Exercise prompt ▸
Return nothing but the lines from the one with "전자상거래 플랫폼 티몰이" through the one with "Η παρουσιάστρια ένιωσε" in the data below, word for word and without pictures.

Data to process ▸
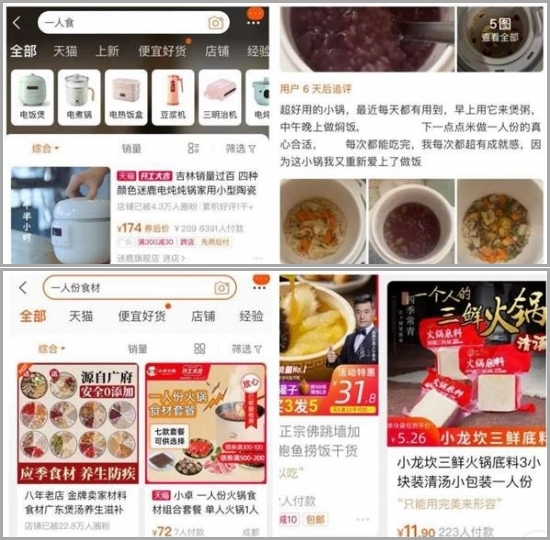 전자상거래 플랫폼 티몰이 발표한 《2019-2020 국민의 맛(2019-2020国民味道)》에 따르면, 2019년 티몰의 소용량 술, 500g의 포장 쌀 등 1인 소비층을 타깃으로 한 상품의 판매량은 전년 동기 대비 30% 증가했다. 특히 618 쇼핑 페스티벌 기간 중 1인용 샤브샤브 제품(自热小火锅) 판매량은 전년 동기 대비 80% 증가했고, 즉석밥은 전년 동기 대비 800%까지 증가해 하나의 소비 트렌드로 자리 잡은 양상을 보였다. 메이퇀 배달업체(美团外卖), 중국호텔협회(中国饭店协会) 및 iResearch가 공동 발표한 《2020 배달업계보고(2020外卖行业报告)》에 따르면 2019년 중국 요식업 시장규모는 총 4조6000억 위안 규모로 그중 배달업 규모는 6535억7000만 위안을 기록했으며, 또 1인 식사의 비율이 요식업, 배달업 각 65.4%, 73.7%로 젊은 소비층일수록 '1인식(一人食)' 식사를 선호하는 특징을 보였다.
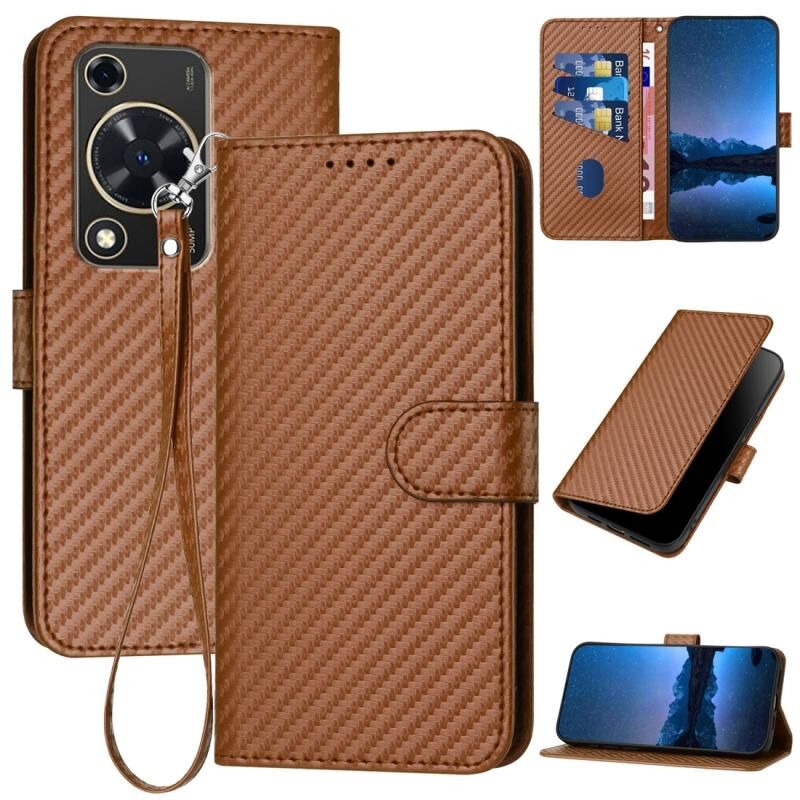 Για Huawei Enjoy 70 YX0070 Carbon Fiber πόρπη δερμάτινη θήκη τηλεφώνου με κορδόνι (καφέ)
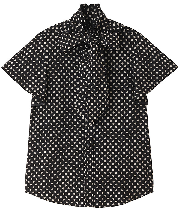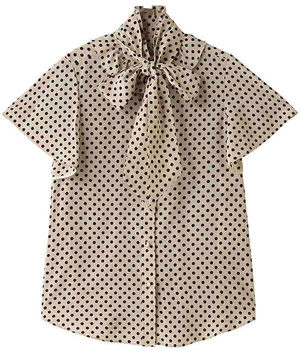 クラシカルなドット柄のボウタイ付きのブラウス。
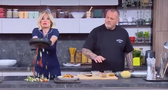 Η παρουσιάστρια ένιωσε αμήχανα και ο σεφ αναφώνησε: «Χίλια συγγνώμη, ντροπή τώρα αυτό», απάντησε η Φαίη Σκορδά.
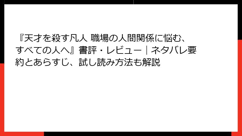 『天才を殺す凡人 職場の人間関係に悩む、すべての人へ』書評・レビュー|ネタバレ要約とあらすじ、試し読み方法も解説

...

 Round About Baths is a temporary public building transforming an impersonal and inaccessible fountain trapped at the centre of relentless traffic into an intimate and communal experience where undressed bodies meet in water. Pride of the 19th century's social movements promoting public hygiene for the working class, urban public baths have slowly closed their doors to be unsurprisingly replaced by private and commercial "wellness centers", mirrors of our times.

Exercise result ▸
 전자상거래 플랫폼 티몰이 발표한 《2019-2020 국민의 맛(2019-2020国民味道)》에 따르면, 2019년 티몰의 소용량 술, 500g의 포장 쌀 등 1인 소비층을 타깃으로 한 상품의 판매량은 전년 동기 대비 30% 증가했다. 특히 618 쇼핑 페스티벌 기간 중 1인용 샤브샤브 제품(自热小火锅) 판매량은 전년 동기 대비 80% 증가했고, 즉석밥은 전년 동기 대비 800%까지 증가해 하나의 소비 트렌드로 자리 잡은 양상을 보였다. 메이퇀 배달업체(美团外卖), 중국호텔협회(中国饭店协会) 및 iResearch가 공동 발표한 《2020 배달업계보고(2020外卖行业报告)》에 따르면 2019년 중국 요식업 시장규모는 총 4조6000억 위안 규모로 그중 배달업 규모는 6535억7000만 위안을 기록했으며, 또 1인 식사의 비율이 요식업, 배달업 각 65.4%, 73.7%로 젊은 소비층일수록 '1인식(一人食)' 식사를 선호하는 특징을 보였다.
 Για Huawei Enjoy 70 YX0070 Carbon Fiber πόρπη δερμάτινη θήκη τηλεφώνου με κορδόνι (καφέ)
 クラシカルなドット柄のボウタイ付きのブラウス。
 Η παρουσιάστρια ένιωσε αμήχανα και ο σεφ αναφώνησε: «Χίλια συγγνώμη, ντροπή τώρα αυτό», απάντησε η Φαίη Σκορδά.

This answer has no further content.